When a firearm is discharged, there are multiple forces acting upon it. The gases generated by the burning propellant of the cartridge, pushes the bullet out the barrel and also pushes back on the firearm. This force acts on the centerline axis of the barrel. Let this force be represented by A in the two diagrams above. Now, the user of the firearm is also resisting the kick, by holding the firearm with his hands. Let these forces be represented by B in the diagrams above. Note that for the assault rifle, there are two points where force B acts upon (i.e.) at the stock and at the grip. Also note that in both diagrams, force A is acting at a higher point than force B. This causes the rotational torque C, which causes the front of the firearm to rise.
This effect is more visible for heavier caliber weapons or when multiple shots are fired rapidly. There must be some way to prevent this muzzle climb for happening, because no one wants their weapon to act as though it is on anti-aircraft duty, when they're trying to shoot at a target on the ground!
One way to reduce this effect is if A and B are in the same axis (or fairly close to the same height), then the torque C is minimized. Another way to reduce this is to use devices such as a compensator or a muzzle brake.
In the above picture, we observe that the gentleman in the front of the picture is firing an AKM assault rifle. Notice that the tip of the barrel has a slanted tip and is slightly tilted to the right as well (it is more visible in the enlarged image). This slanted tip is not due to wear and tear or poor maintenance of the weapon -- it is actually a feature. That device is called a slant compensator. What it does is direct some of the escaping gases upwards, thereby pushing the muzzle down. This counteracts the torque trying to push the muzzle up and thereby makes it easier to keep the weapon pointed at the target.
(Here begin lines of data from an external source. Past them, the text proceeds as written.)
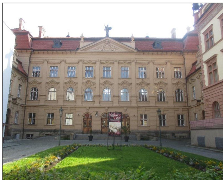
Obrázek č. 9: Regionální muzeum (neobarokní budova)
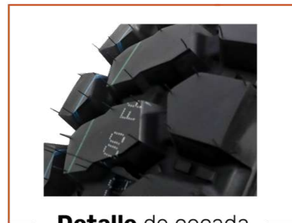
Detalle de cocada
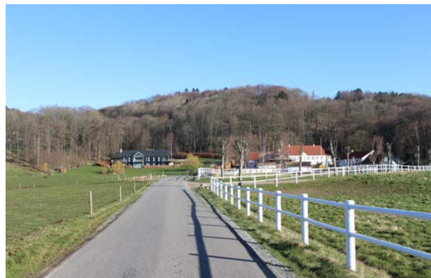
1. Kig mod skovbryn ved Østengård
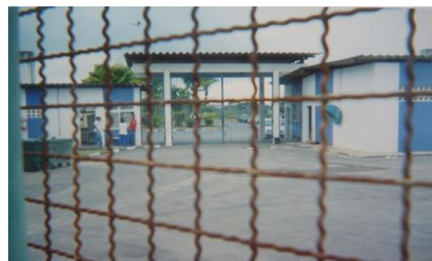
Figura 43 - Vista do Portão de Acesso

Quando a gente vai pra uma saída, passa por esse portão, que é o portão de entrada cá pra dentro...aí tem uns cara aqui fora...aí vem o monitor que toma conta do portão pra abrir e fechar (Rafael, 17 anos).
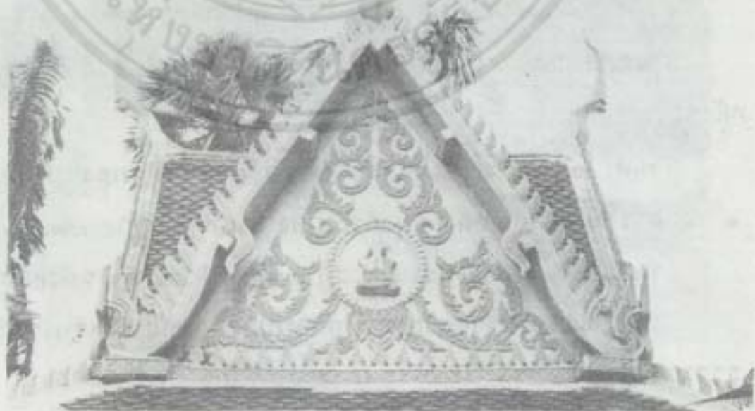
หน้าบัน ศาลาราย
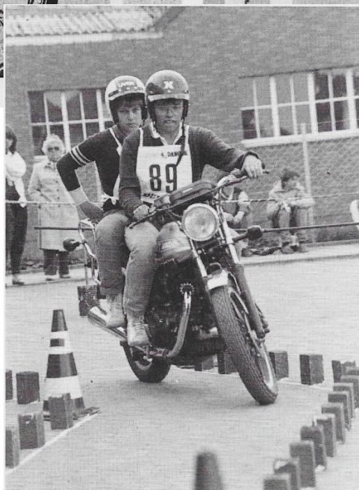
2-Mann-Sozius-Sonderklasse immer beliebter
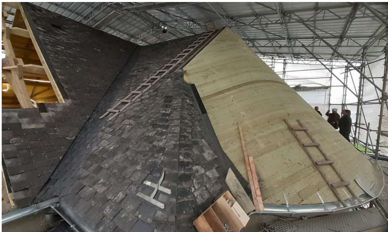
L'avancement de la pose des ardoises côté Nord Est.

Le 19 décembre, une livraison d'échafaudages a été faite par Entrepose Échafaudages, pour la partie chœur et sacristie.
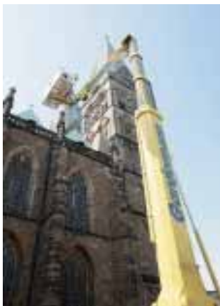
In wenigen Minuten ist die Arbeitsbühne auf 60 m ausgefahren.

Gardemann Arbeitsbühnen GmbH Weseler Straße 3a 46519 Alpen Tel.: 02802/9490 Fax: 02802/949349 info@gardemann.de www.gardemann.de
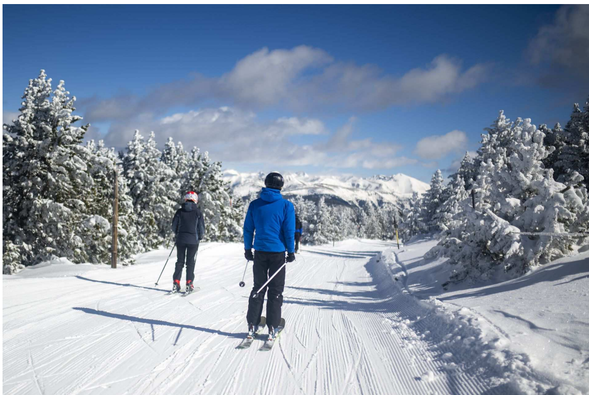
Port Ainé ha abierto sus itinerarios

Las seis estaciones de esquí de FGC encaran con mucho optimismo esta recta final de temporada. La cantidad y calidad de nieve , las previsiones meteorológicas a corto plazo y la proximidad de la Semana Santa confirman que este mes de marzo reúne los ingredientes necesarios para disfrutar de los deportes de invierno y exprimir al máximo un final de temporada cargado de eventos en todos los equipamientos turísticos.
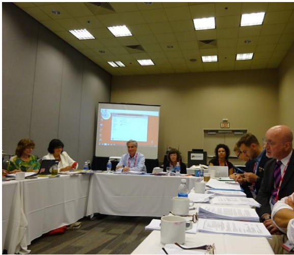
IFLA GB ülése. Tárgyalás a Gates Alapítvány képviselőivel
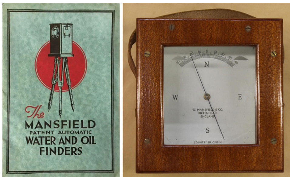
Figura 6: Manual d'instruccions i vista zenital d'un "descubridor de Mansfield". A través del visor s'hi observa l'agulla magnètica.

"La acción principal del aparato, que indica la presencia del agua hasta 1.000 pies de profundidad, registra la fuerza de las corrientes eléctricas que circulan siempre entre la tierra y la atmósfera, y cuya intensidad aumenta en la proximidad de las corrientes de agua subterráneas. Si debajo del sitio en que se coloca el aparato hay algún manantial subterráneo, la aguja del cuadrante comienza á moverse; tomando nota exacta de grados marcados en la escala y cambiando varias veces la posición del aparato, el sitio en donde se hayan registrado los movimientos acentuados de la aguja será el indicado para emprender las operaciones de perforación. Si la aguja permanece inmóvil será prueba de que no existe ningún manantial en el lugar en donde se haya situado el aparato" (Anònim, 1909a).
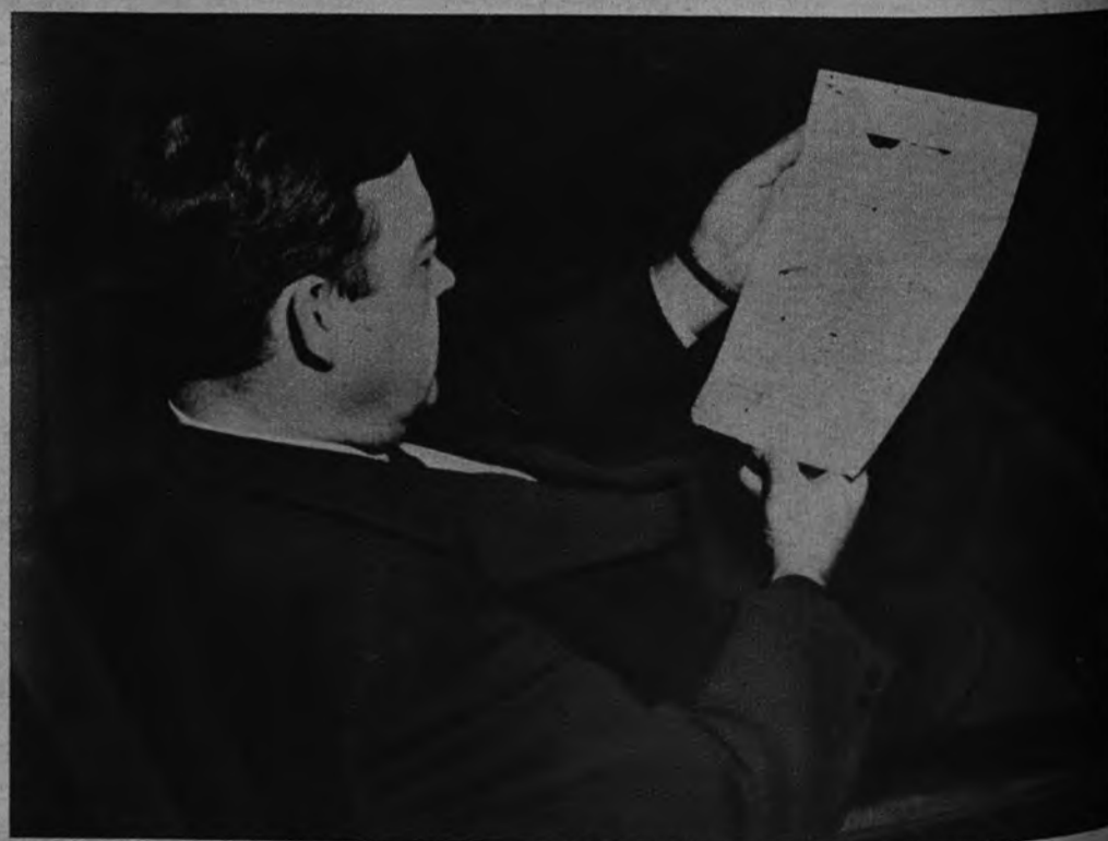
CARTA DEVUELTA. —Mr. Luther Evans, director de la Biblioteca del Congreso de los Estados Unidos, examina el original de la famosa carta de Colón, que ahora ha sido devuelta a España con motivo de la Fiesta de la Hispanidad.

The AKM also has a tendency to move to the right, which is why the compensator is also slightly tilted that way, so that it pushes the muzzle to the left to counteract that movement as well. When the Russians decided to make an improved AK-47 version (the AKM), this was one of the standard features added to the AKM model. This simple device could also be retrofitted to older AK-47 models, simply by screwing on this device to the tip of the barrel.
Another device that is similar is called a muzzle brake. Basically, this consists of a small tube that has a number of perforations along its sides, which is attached to the end of the muzzle. These perforations allow the gases to escape at an angle to the muzzle, which not only helps reduce the muzzle climb, but also reduces the recoil felt at the back of the weapon.
Yet another way to reduce recoil is called porting. Basically, this involves drilling precise holes near the end of the barrel, which allows some of the gases behind the bullet to escape upwards as the bullet is exiting the barrel, thereby pushing the barrel down.
The advantage of such devices is that they reduce muzzle climb as well as felt recoil. This improves the accuracy of the user. It also reduces the load felt by the user during long shooting sessions.
There are also a few disadvantages of such devices. One is that the noise level of the weapon increases by a few decibels. They also increase the flash seen at the end of the barrel. Some muzzle brakes redirect some of the gases towards the user to reduce recoil, but this could cause some of the pressure wave to be redirected to the user as well as extra noise and flash, thereby causing some discomfort. Additionally, if the shooter is firing from a prone position, the redirected gases could throw up some extra dust towards the shooter, which could impair visibility and give away the user's position. Finally, the extra weight at the tip could affect the overall balance and handling of the weapon.